Keeping your caches hot

First of all, don't thrash your caches because main memory is very slow. This means that reading data all over the memory (also known as pointer chasing) isn't the best of ideas. Modern processors, such as programs that read consecutive chunks of memory in a predictable manner, allow them to leverage hardware-level prefetching.
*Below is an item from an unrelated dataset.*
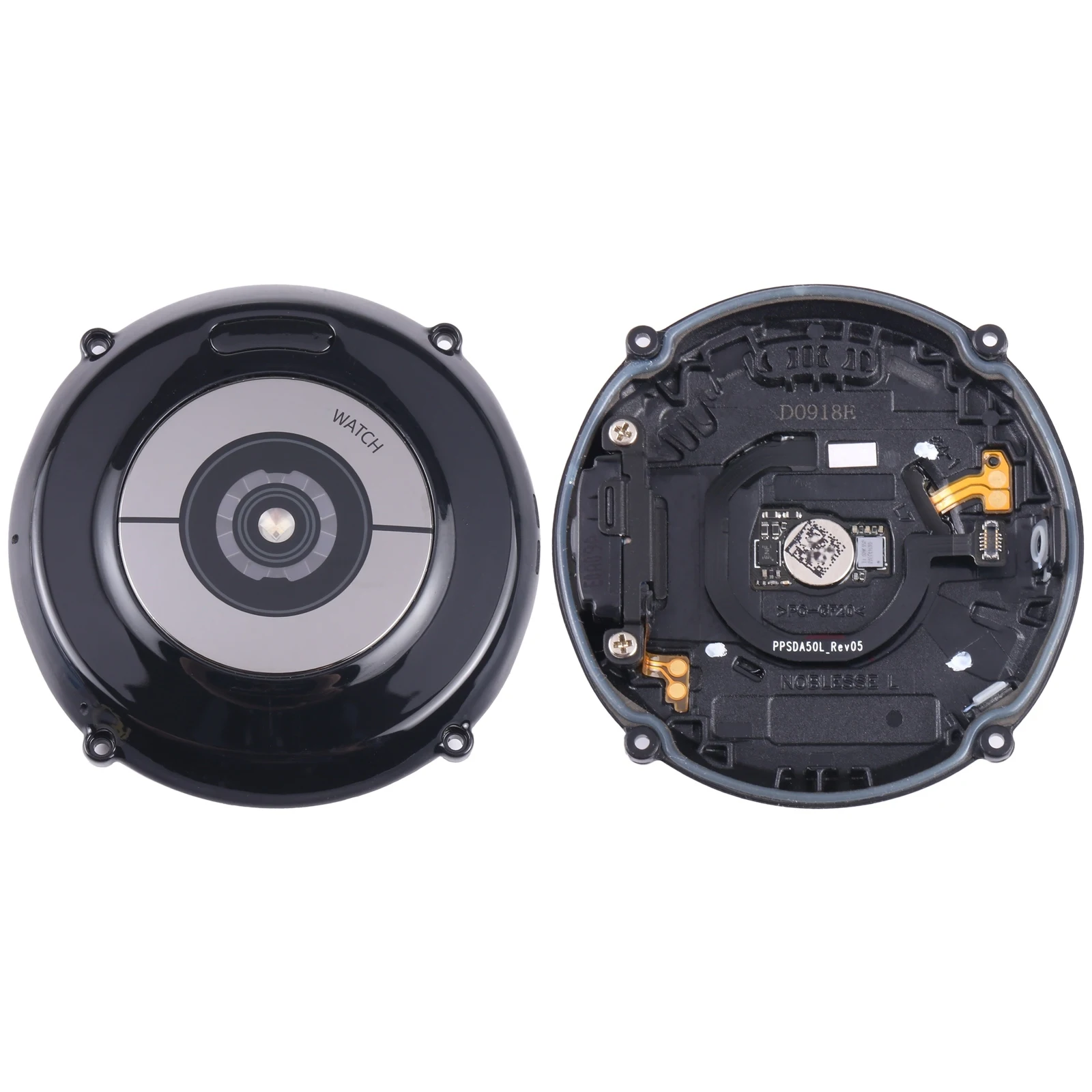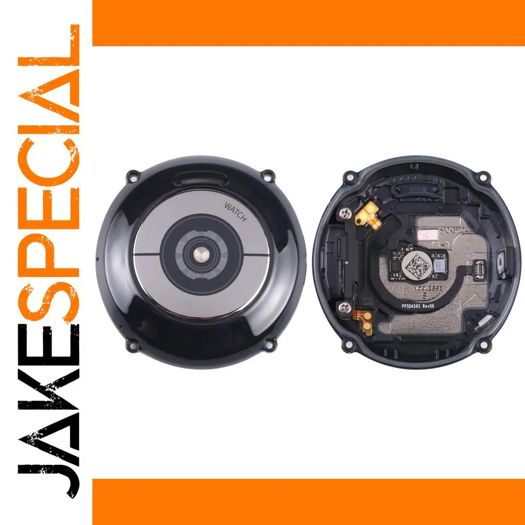 Experience the perfect fit and sleek design of this replacement back cover for your Samsung Galaxy Watch 3. Crafted with precision, it features a glossy, metallic finish on the outer shell, providing a modern and sophisticated look. The circular shape beautifully integrates a central, raised sensor area that houses the built-in heart rate sensor, offering a seamless aesthetic. The compatibility with both 41mm SM-R850 and 45mm SM-R840 models ensures you can restore your watch’s appearance and functionality effortlessly. Inside, the matte black interior showcases intricately arranged electronic components, including contact points and wireless charging modules, in an organized manner. This high-quality part combines technical excellence with stylish design, making your watch look as good as new while maintaining optimal performance.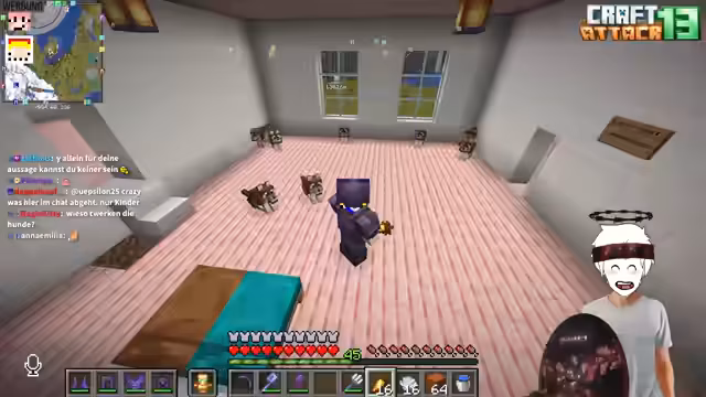 12:10:10Es wird eine Beerdigung für 100 Hunde oder ähnliches vorbereitet, die um Mitternacht stattfinden soll. Die Nachricht von Rose, die um mentale Unterstützung bat, überraschte die Anwesenden nach einer zuvor guten Stimmung. Es wird über die Notwendigkeit von Blumen für die Beerdigung gesprochen und ob ein Portal im Nether genutzt werden kann, um schnell dorthin zu gelangen. Die Diskussion dreht sich auch um die Anwesenheit von Joe und die Suche nach schwarzer Farbe für angemessene Kleidung. Es wird über die Respektlosigkeit gesprochen, wenn jemand, der die verstorbenen Hunde nicht kannte, unangemessen gekleidet wäre. Es wird über die Traditionen einer Beerdigung wie Leichenschmaus und Musik gesprochen, bevor man sich auf den Weg zum Ort des Geschehens macht.

The word here is data locality.

A negative example for that, alas, is our old and trusty linked list! Traversing it's a real pointer-chasing feast, because all of the nodes are allocated dynamically and can be placed anywhere in memory. However, we could remedy it by using the already-mentioned techniques of preallocating and custom memory allocators. In that case, all of the nodes of a list would be located in the adjacent element of the preallocated buffer, making it again more cache friendly. Of course, we could just use an array from the start, but this is an example of how to improve data locality in similar cases.

The second classic mistake would be placing two often used integers, x and y, well apart from each other in a data structure, so that when we want to use both, we need to needlessly load two cache lines instead of one. What's used together should stay together; don't break your data structures on a cache line boundary!

Further optimization that's widely known is the replacement of an array of structures by a structure of arrays. This will be beneficial in the case of loading data for SIMD instructions and other techniques where we read data in parallel.

Another often-cited optimization trick is improving the performance of matrix multiplication by changing the data-access pattern. Instead of a straightforward triple i, j, k loop, we change it to the k, j, i loop:

for (size_t k = 0; k < P; ++k)
for (size_t j = 0; j <M; ++j)
for (size_t i = 0; i < N; ++i)
res[i][[j] += m1[i][[k] * m2[k][[j];

Here, just switching the order of traversal to be more cache-friendly and reading row elements of both matrices in consecutive manner will dramatically improve performance (in some measurements, up to 94%)!

What we learn here is that the outline and structure of our data, but also its access patterns, can have a big impact on our program's performance on modern processors!

The second type of cache, that is, the instruction cache, needs some love as well. Jumping through code back and forth is equally bad, as it's in the case of your data. This code locality is the next important notion. One possibility to influence that is to place your normal case code before the handling error, like this:

if (ok) {
do_work();
} else {
printf(“ERROR!”);
return;
}

This avoids a jump in normal case, hence improving code locality. We'll discuss that in more detail in Chapter 3Deep Dive into C++ and Performance, when we'll look at the role of the compiler in program optimization.